The problem: Could you repeat the records below exactly, without the pictures?

Study material:
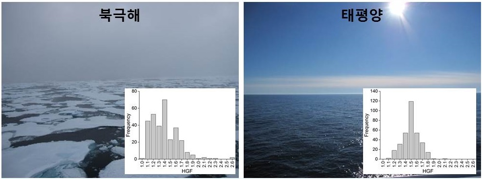 (그림 1) 북극해(왼쪽)와 태평양에서 각각 관찰한 초미세먼지 흡습성과 혼합 상태 특성을 보여주는 그래프. (HGF는 상대습도 증가에 따른 입자의 성장률로 입자의 흡습성을 나타내는 대표적 지수임. 북극해(왼쪽)에는 HGF가 다양하게 분포되어 있어 흡습성을 가진 다양한 성분이 포함되어 있다는 것을 암시)
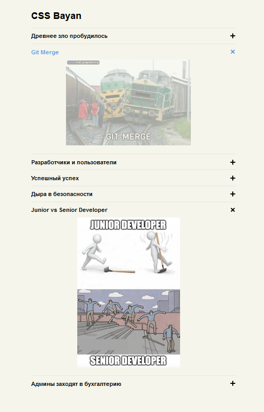 Лучший способ скрытия переключателей (радиокнопок) - это установить свойство "display: none". Но элемент, для которого задано значение "display: none", полностью удаляется из потока документа, поэтому он не отображается в дереве элементов, в отличие от "visibility: hidden". По условиям задачи все блоки аккордеона должны быть в основном потоке DOM-элементов, поэтому пришлось использовать свойство visibility.
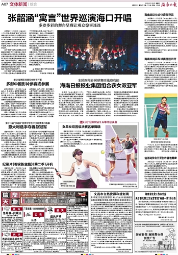海南日报 文体新闻综合 007 2019-11-031 2019年11月03日 星期日
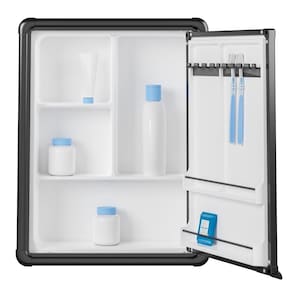 Características: Espelho em toda a superfície do armário Divisão interna com porta-escovas e prateleiras embutidas para armazenar os objetos do dia a dia Leve, resistente e de fácil limpeza. Pode ser instalado sobreposto à parede Possui cantoneiras arredondadas na porta e na lateral do armário, para um melhor acabamento, evitando os cantos vivos.
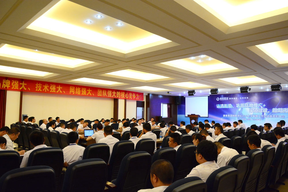 ?????? 7月11日—12日,以“認清形勢、鞏固戰(zhàn)略推廣+渠道建設(shè)、挑戰(zhàn)發(fā)展”為主題的康泰集團銷售中心2015年半年度工作總結(jié)暨表彰大會在集團總部召開。集團董事長兼總裁林云青以及公司各中心總監(jiān)出席會議,全國各辦事處、商務(wù)部的銷售精英參加了會議。

Response to the task:
 (그림 1) 북극해(왼쪽)와 태평양에서 각각 관찰한 초미세먼지 흡습성과 혼합 상태 특성을 보여주는 그래프. (HGF는 상대습도 증가에 따른 입자의 성장률로 입자의 흡습성을 나타내는 대표적 지수임. 북극해(왼쪽)에는 HGF가 다양하게 분포되어 있어 흡습성을 가진 다양한 성분이 포함되어 있다는 것을 암시)
 Лучший способ скрытия переключателей (радиокнопок) - это установить свойство "display: none". Но элемент, для которого задано значение "display: none", полностью удаляется из потока документа, поэтому он не отображается в дереве элементов, в отличие от "visibility: hidden". По условиям задачи все блоки аккордеона должны быть в основном потоке DOM-элементов, поэтому пришлось использовать свойство visibility.
海南日报 文体新闻综合 007 2019-11-031 2019年11月03日 星期日
 Características: Espelho em toda a superfície do armário Divisão interna com porta-escovas e prateleiras embutidas para armazenar os objetos do dia a dia Leve, resistente e de fácil limpeza. Pode ser instalado sobreposto à parede Possui cantoneiras arredondadas na porta e na lateral do armário, para um melhor acabamento, evitando os cantos vivos.
 ?????? 7月11日—12日,以“認清形勢、鞏固戰(zhàn)略推廣+渠道建設(shè)、挑戰(zhàn)發(fā)展”為主題的康泰集團銷售中心2015年半年度工作總結(jié)暨表彰大會在集團總部召開。集團董事長兼總裁林云青以及公司各中心總監(jiān)出席會議,全國各辦事處、商務(wù)部的銷售精英參加了會議。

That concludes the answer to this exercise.